For our software components it’s easy to run analytics. We instrument code to profile latency and look for opportunities to cache data to reduce I/O needs, implement smarter algorithms, or remove unnecessary time-wasting complexity. For our meatware components this isn’t as easy. (We tried a Borg implementation, but they balked at the spandex suits.)

Instead we use Keen to track every movement analysts make while using the Red Canary Analyst Portal, including when they leave it because the Portal failed to provide the necessary information.

We pack a lot of context into the visual representation of a potentially threatening event so we track which pieces are useful. The ones that aren’t used are just visual noise that we remove. Similarly, when we introduce new context we pay careful attention to whether it helps or hurts the overall performance.

As you can see, Keen allows us to track, name, and visualize any type of event, which makes it easy to spot important information.

Analyst Transaction Average Time

So what? Keen replaces statsd+graphite

When we first started measuring things, we stood up a statsd server, started jamming some numbers at it, built some views in graphite, and generally confused ourselves.
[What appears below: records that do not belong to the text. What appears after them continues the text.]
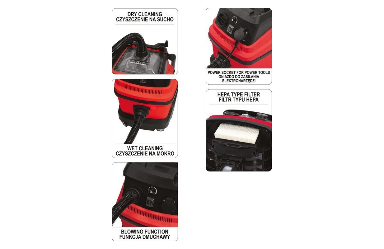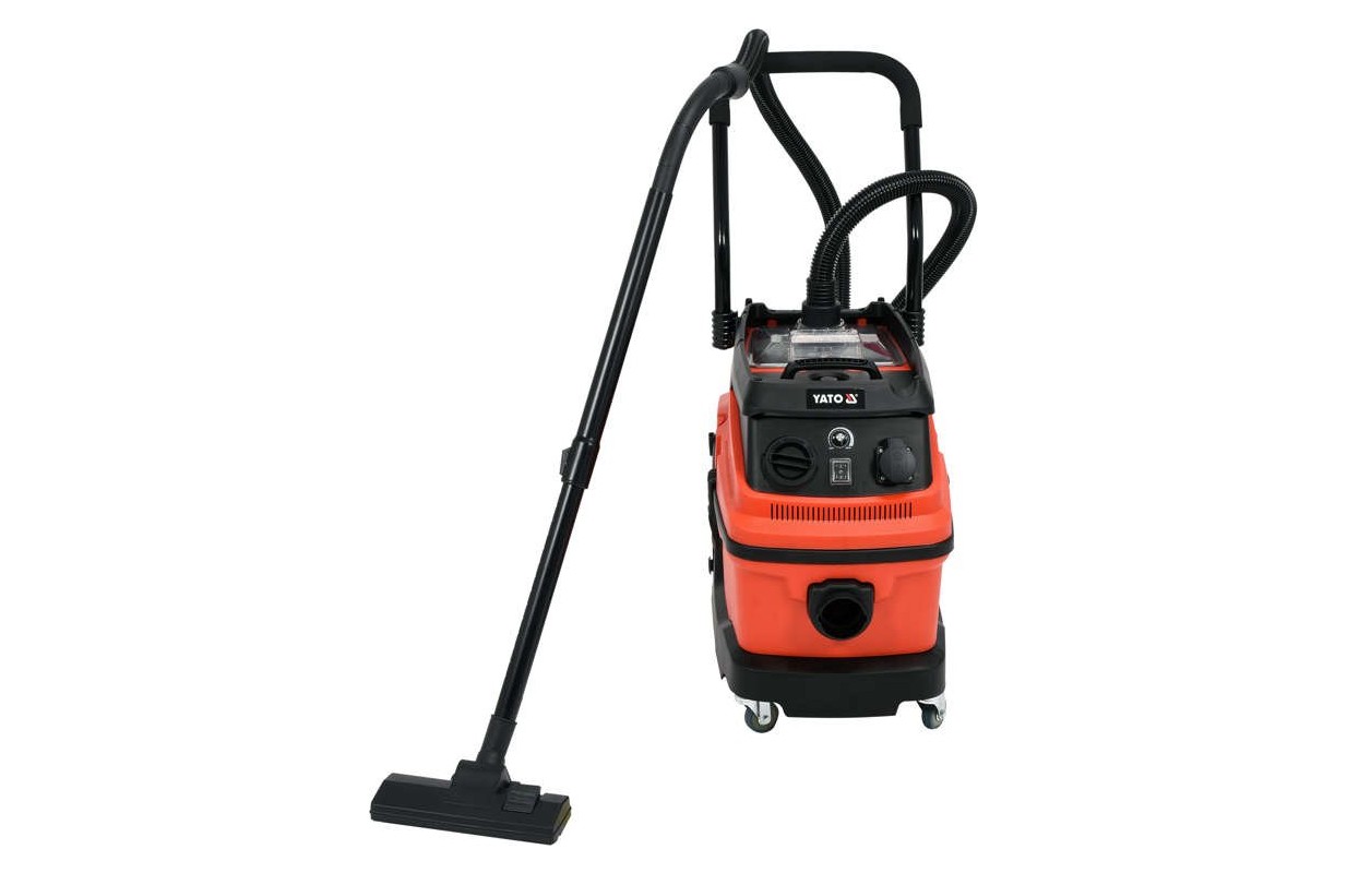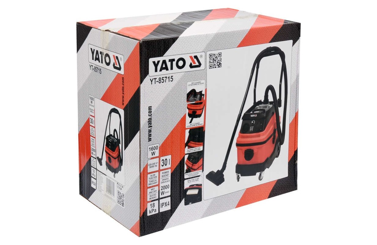 YATO profesionāls industriālais putekļsūcējs ar 1600 W jaudu un 18 kPa sūkšanas jaudu. Ir 30 litru tvertne. Putekļsūcējs var darboties gan sausajā, gan mitrajā tīrīšanā. Aprīkots ar pūtēja funkciju.
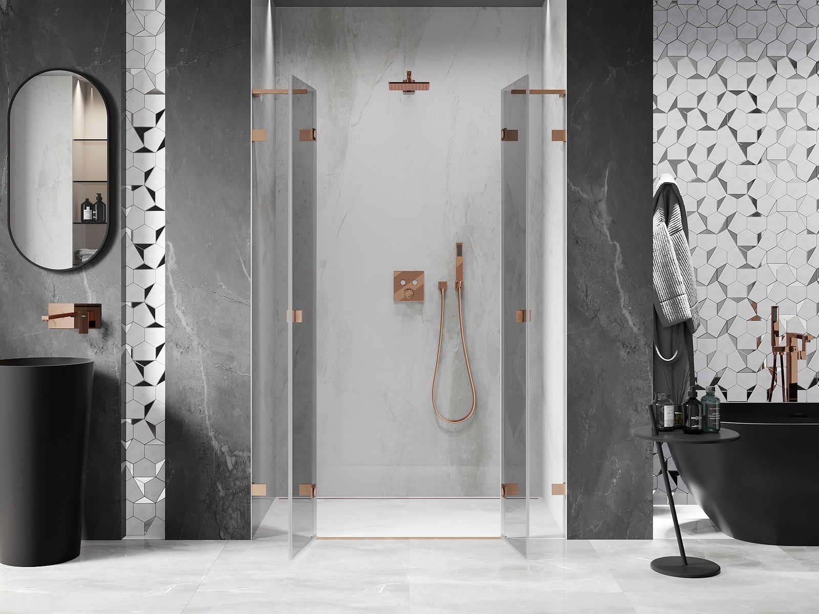 Mexen Lunar L Duo drzwi prysznicowe uchylne 150 cm, transparent, miedź szczotkowana - 834DL-150-000-65-00
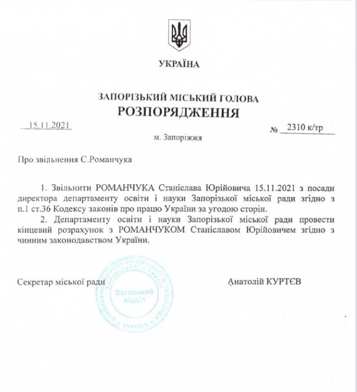 Станислав Романчук ушел с должности директора департамента образования и науки Запорожского городского совета.
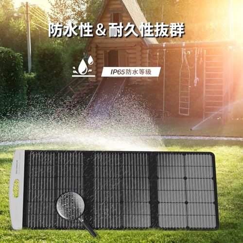 【IP65レベル・アウトドア対策】ERICSITY ソーラーパネル 充電器は防水性能はIP65防水等級となっており、通常の小雨や小雪にはIP65規格(電気機械器具の保護等級)に適合していますが、豪雨や浸水などには完全防水ではありませんので、耐えられません。防水防塵性能があり、アウトドアで安心して使用していただけます。耐久性があり、ソーラーパネルの寿命を延ばすことができます。
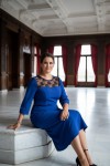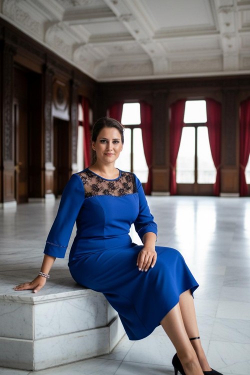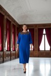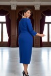 Nidya Moda Büyük Beden Kadın Saks Roba Dantel Kol Taş İşli Sandy Abiye Elbise-4025ASX
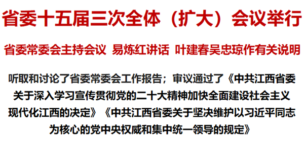 11月22日,中共江西省委十五屆三次全體(擴(kuò)大)會(huì)議在南昌召開。 省委常委會(huì)主持會(huì)議。省委書記易煉紅受省委常委會(huì)委托作了工作報(bào)告和講話。 全會(huì)聽取和討論了省委常委會(huì)工作報(bào)告;審議通過了《中共江西省委關(guān)于深入學(xué)習(xí)宣傳貫徹黨的二十大精神加快全面建設(shè)社會(huì)主義現(xiàn)代化江西的決定》和《中共江西省委關(guān)于堅(jiān)決維護(hù)以習(xí)近平同志為核心

Not because the tools aren’t great — they are — but because they did more than we needed and required us to keep more servers alive.

When we found Keen we were struck by how simple and clean it was to get started, organize data, and immediately get value. It is truly a statistics and analytics platform written for developers.

Particularly critical for us was the ability to make our data models as verbose as necessary without incurring additional cost. We weren’t sure what dimensions were going to yield the key insights so we just started storing all of them (or at least the ones we could think of; one 10-minute call with a Keen data engineer helped us identify even more dimensions to add).

Questions like “how long after an analyst is hired do they reach the performance of the rest of the team?” are now simple to answer. Our dashboards are beautiful combinations of aggregate metrics and charts that allow us to quickly assess the performance of our entire system, analysts included. We store many millions of events in Keen per month and are really just scratching the surface when it comes to analyzing the data.

Analytics power our business and Keen powers an important piece of our analytics. We highly recommend trying it out if you want to get more out of your data without the pain of building and maintaining a system in-house.